## Task requirements
Lines holding the string "prototype" are the ones to copy; find them all in the data.
*** Source data ***
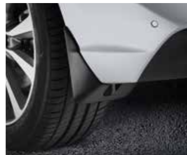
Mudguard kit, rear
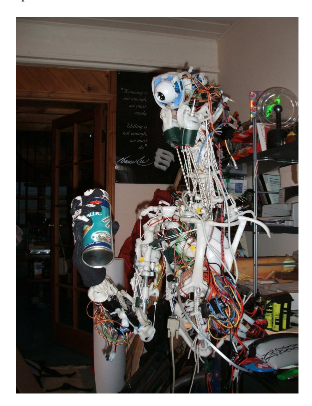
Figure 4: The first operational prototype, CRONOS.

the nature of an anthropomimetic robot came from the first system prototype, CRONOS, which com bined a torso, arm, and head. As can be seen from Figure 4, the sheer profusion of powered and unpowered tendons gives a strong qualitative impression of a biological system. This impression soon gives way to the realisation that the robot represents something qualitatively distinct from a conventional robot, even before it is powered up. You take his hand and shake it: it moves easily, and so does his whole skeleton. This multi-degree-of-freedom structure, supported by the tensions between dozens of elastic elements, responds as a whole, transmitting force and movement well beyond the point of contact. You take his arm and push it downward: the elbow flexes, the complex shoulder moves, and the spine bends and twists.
***
*** Source data ***
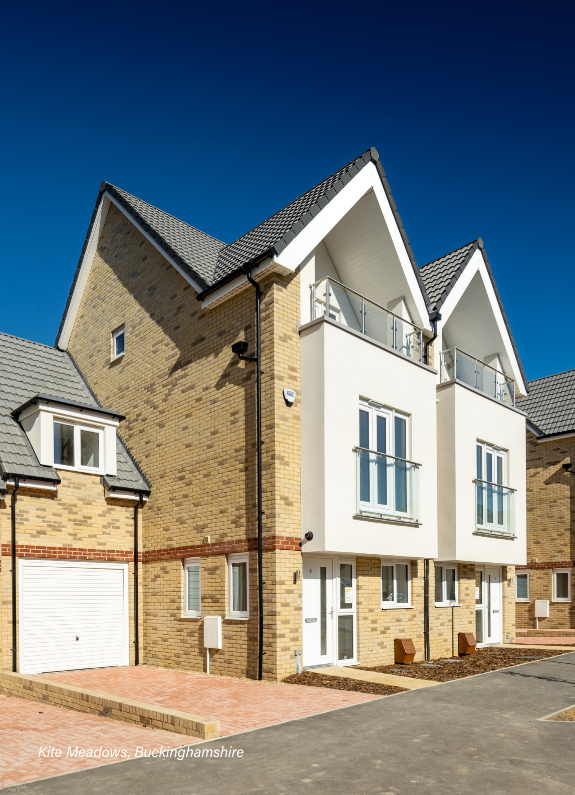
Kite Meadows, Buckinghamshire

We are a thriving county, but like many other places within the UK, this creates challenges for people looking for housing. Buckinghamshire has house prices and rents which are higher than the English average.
***
*** Source data ***
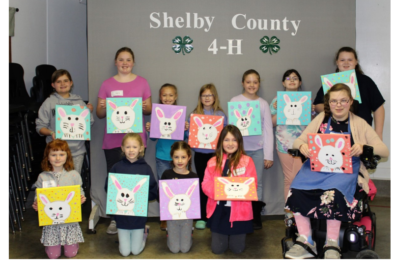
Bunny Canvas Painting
***
## Response to the task
Figure 4: The first operational prototype, CRONOS.
the nature of an anthropomimetic robot came from the first system prototype, CRONOS, which com bined a torso, arm, and head. As can be seen from Figure 4, the sheer profusion of powered and unpowered tendons gives a strong qualitative impression of a biological system. This impression soon gives way to the realisation that the robot represents something qualitatively distinct from a conventional robot, even before it is powered up. You take his hand and shake it: it moves easily, and so does his whole skeleton. This multi-degree-of-freedom structure, supported by the tensions between dozens of elastic elements, responds as a whole, transmitting force and movement well beyond the point of contact. You take his arm and push it downward: the elbow flexes, the complex shoulder moves, and the spine bends and twists.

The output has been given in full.